- Input for this task:
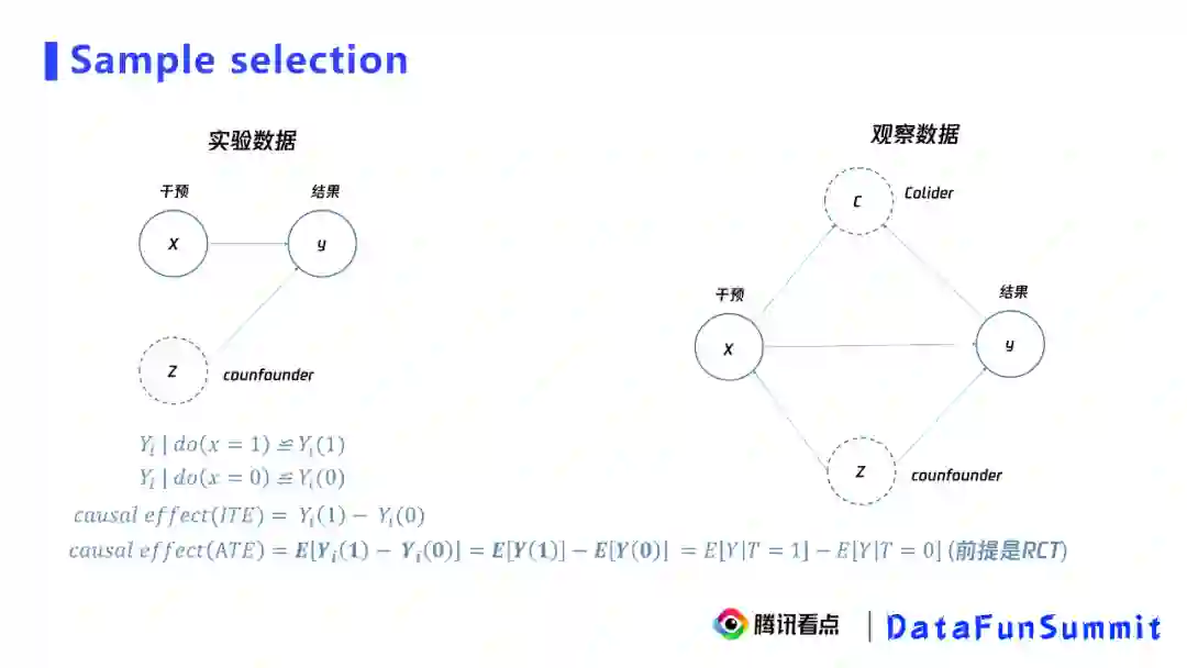 从左图中可以看到,实验相当于取消了干预在因果图上所依赖的父节点,让干预的分配只依赖于一个随机变量。这时可以证明,在整体人群中的因果效应,我们称之为ATE,等于相关性。这里的关键是用户是被随机分配的,当没有随机条件时,ATE公式(尤其是加粗的部分)将无法成立。比如,在右图观测的数据中,干预是受到混淆变量Z的影响。在这种情况下,加粗部分不成立,我们也就无法通过相关性直接得到因果性。
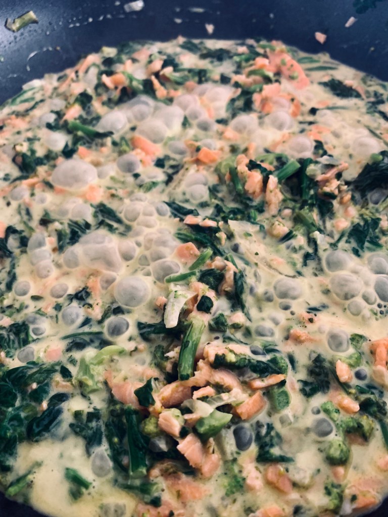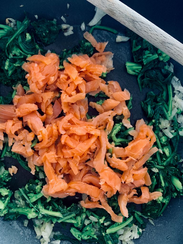 Die Cime di rapa waschen und in reichlich kochendem Wasser kurz blanchieren. Nun abseihen und gemeinsam mit der Zwiebel klein schneiden. Das Gemüse anschliessend in einer grossen Pfanne mit etwas Olivenöl und Salz weichdünsten. Nach diesem Schritt den klein gewürfelten Rauchlachs zum Gemüse geben und mit dem Orangensaft und der Sahne ca. 10 Minuten eindicken lassen.
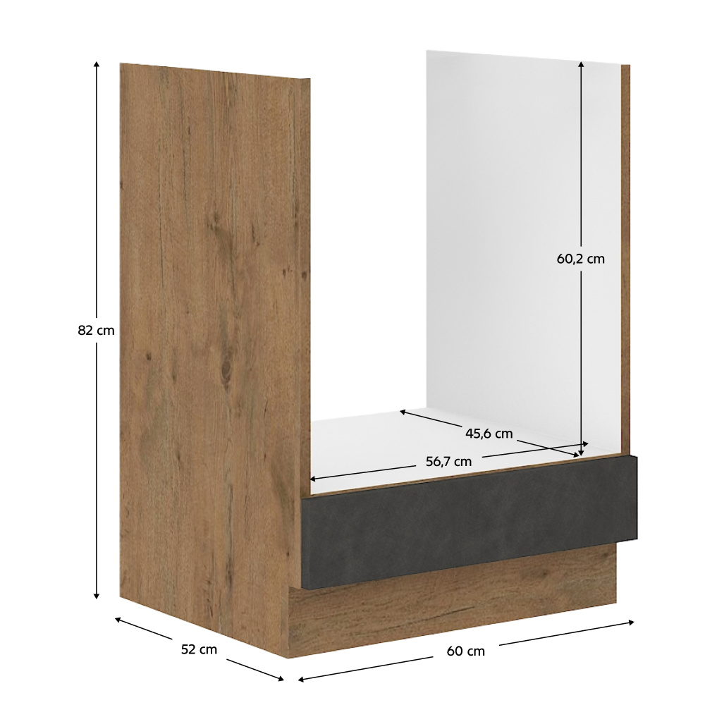 Spodní skříňka Vega 60 D GAZ BB Materiál: DTD laminovaná Barva: dub lancelot / šedá matná Rozměry (ŠxHxV): 60x52x82 cm Vnitřní rozměr (ŠxHxV): 56,7x45,6x60,2 cm Skříňka bez pracovní desky Systém tichého zavírání dvířek Včetně spodní lišty Dodávané v demontu Spodní skříňky jsou dodávány včetně dolní lišty, bez pracovní desky. Možnost dokoupit pracovní desku dub lancelot v ceně: 1590 Kč/bm. Možnost dokoupit univerzální L / P dřez LAY ON.
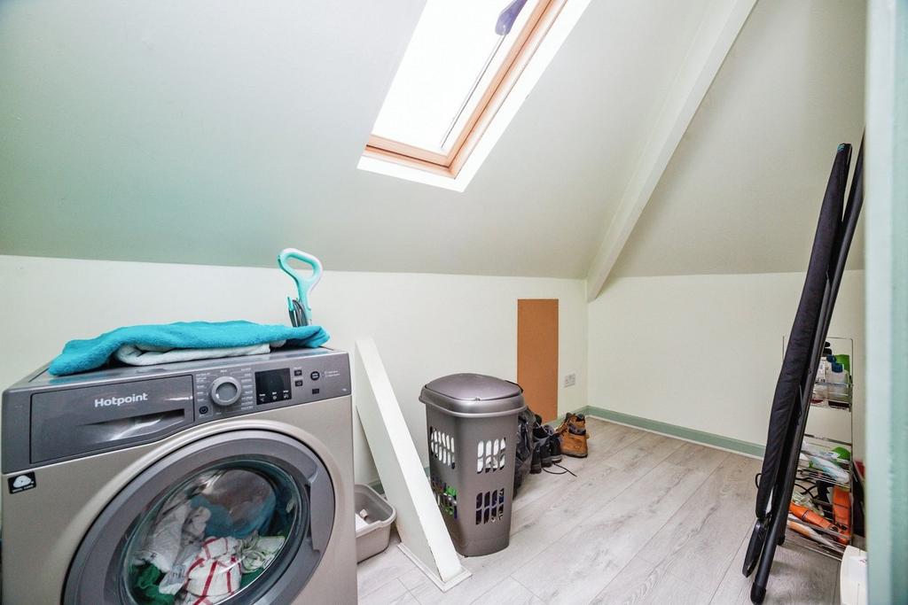 Utility Room - Offering space and plumbing for appliances including a washing machine and tumble dryer, with a double glazed skylight, and laminate flooring.
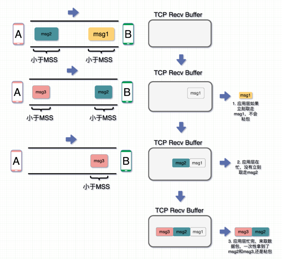 可以看到整个过程,从IP层到剪切的长度到将剪切成数据包的组装,只处理传输,不关心消息的边界和内容,不关心消息的内容,那么就不会有粘贴的包。
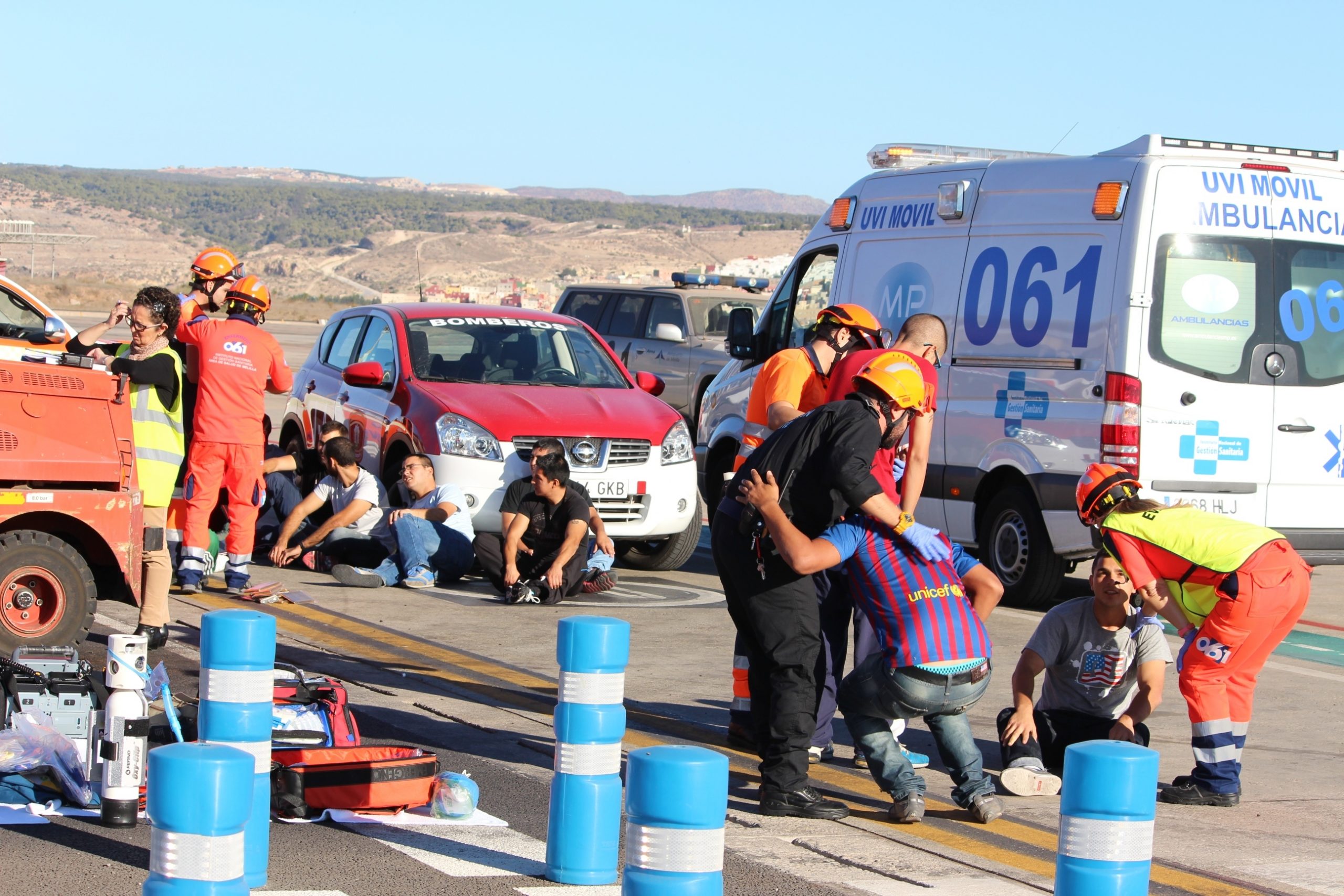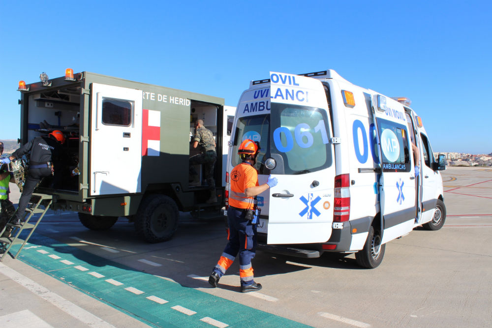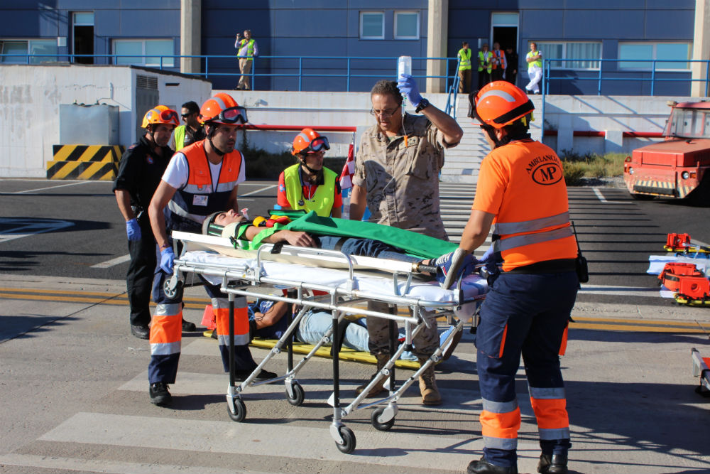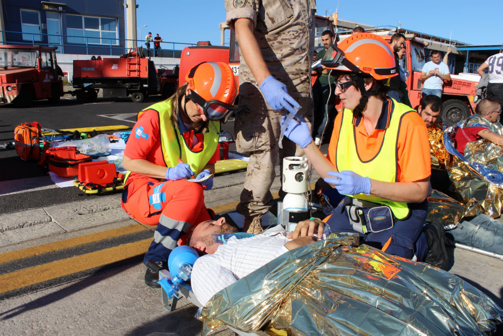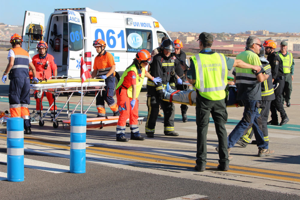 Grupo SSG, bajo la coordinación de AENA, ha realizado un simulacro de accidente con múltiples víctimas en el aeropuerto de Melilla, con el fin de poner en práctica el plan de autoprotección de dicho aeropuerto, y analizar su puesta en marcha y posibles mejoras, para dar una respuesta eficaz en caso de algún incidente en la terminal.
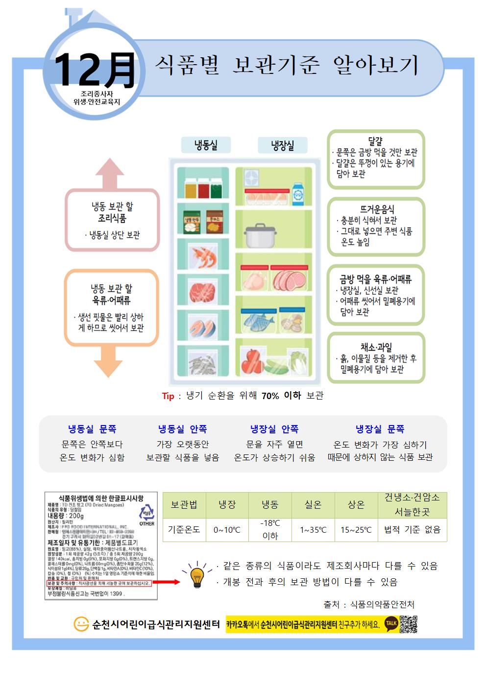 조리종사자 윙생안전교육-식품별 보관기준 알아보기
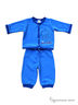Костюм состоит из штанишек и кофты. Штанишки на широком эластичном поясе с кулиской для более комфортной посадки. Кофта с длинными рукавами и округлым вырезом горловины. Застежка на кнопки для удобства одевания. Спереди модель декорирована принтом в виде дракона.
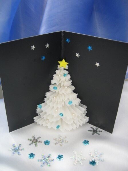 Как сделать новогоднюю 3D открытку елочку из бумаги своими руками

- How to complete this task: Copy out all of the material exactly as written, without its pictures.

- Expected answer:
 从左图中可以看到,实验相当于取消了干预在因果图上所依赖的父节点,让干预的分配只依赖于一个随机变量。这时可以证明,在整体人群中的因果效应,我们称之为ATE,等于相关性。这里的关键是用户是被随机分配的,当没有随机条件时,ATE公式(尤其是加粗的部分)将无法成立。比如,在右图观测的数据中,干预是受到混淆变量Z的影响。在这种情况下,加粗部分不成立,我们也就无法通过相关性直接得到因果性。
 Die Cime di rapa waschen und in reichlich kochendem Wasser kurz blanchieren. Nun abseihen und gemeinsam mit der Zwiebel klein schneiden. Das Gemüse anschliessend in einer grossen Pfanne mit etwas Olivenöl und Salz weichdünsten. Nach diesem Schritt den klein gewürfelten Rauchlachs zum Gemüse geben und mit dem Orangensaft und der Sahne ca. 10 Minuten eindicken lassen.
 Spodní skříňka Vega 60 D GAZ BB Materiál: DTD laminovaná Barva: dub lancelot / šedá matná Rozměry (ŠxHxV): 60x52x82 cm Vnitřní rozměr (ŠxHxV): 56,7x45,6x60,2 cm Skříňka bez pracovní desky Systém tichého zavírání dvířek Včetně spodní lišty Dodávané v demontu Spodní skříňky jsou dodávány včetně dolní lišty, bez pracovní desky. Možnost dokoupit pracovní desku dub lancelot v ceně: 1590 Kč/bm. Možnost dokoupit univerzální L / P dřez LAY ON.
 Utility Room - Offering space and plumbing for appliances including a washing machine and tumble dryer, with a double glazed skylight, and laminate flooring.
 可以看到整个过程,从IP层到剪切的长度到将剪切成数据包的组装,只处理传输,不关心消息的边界和内容,不关心消息的内容,那么就不会有粘贴的包。
 Grupo SSG, bajo la coordinación de AENA, ha realizado un simulacro de accidente con múltiples víctimas en el aeropuerto de Melilla, con el fin de poner en práctica el plan de autoprotección de dicho aeropuerto, y analizar su puesta en marcha y posibles mejoras, para dar una respuesta eficaz en caso de algún incidente en la terminal.
 조리종사자 윙생안전교육-식품별 보관기준 알아보기
Костюм состоит из штанишек и кофты. Штанишки на широком эластичном поясе с кулиской для более комфортной посадки. Кофта с длинными рукавами и округлым вырезом горловины. Застежка на кнопки для удобства одевания. Спереди модель декорирована принтом в виде дракона.
 Как сделать новогоднюю 3D открытку елочку из бумаги своими руками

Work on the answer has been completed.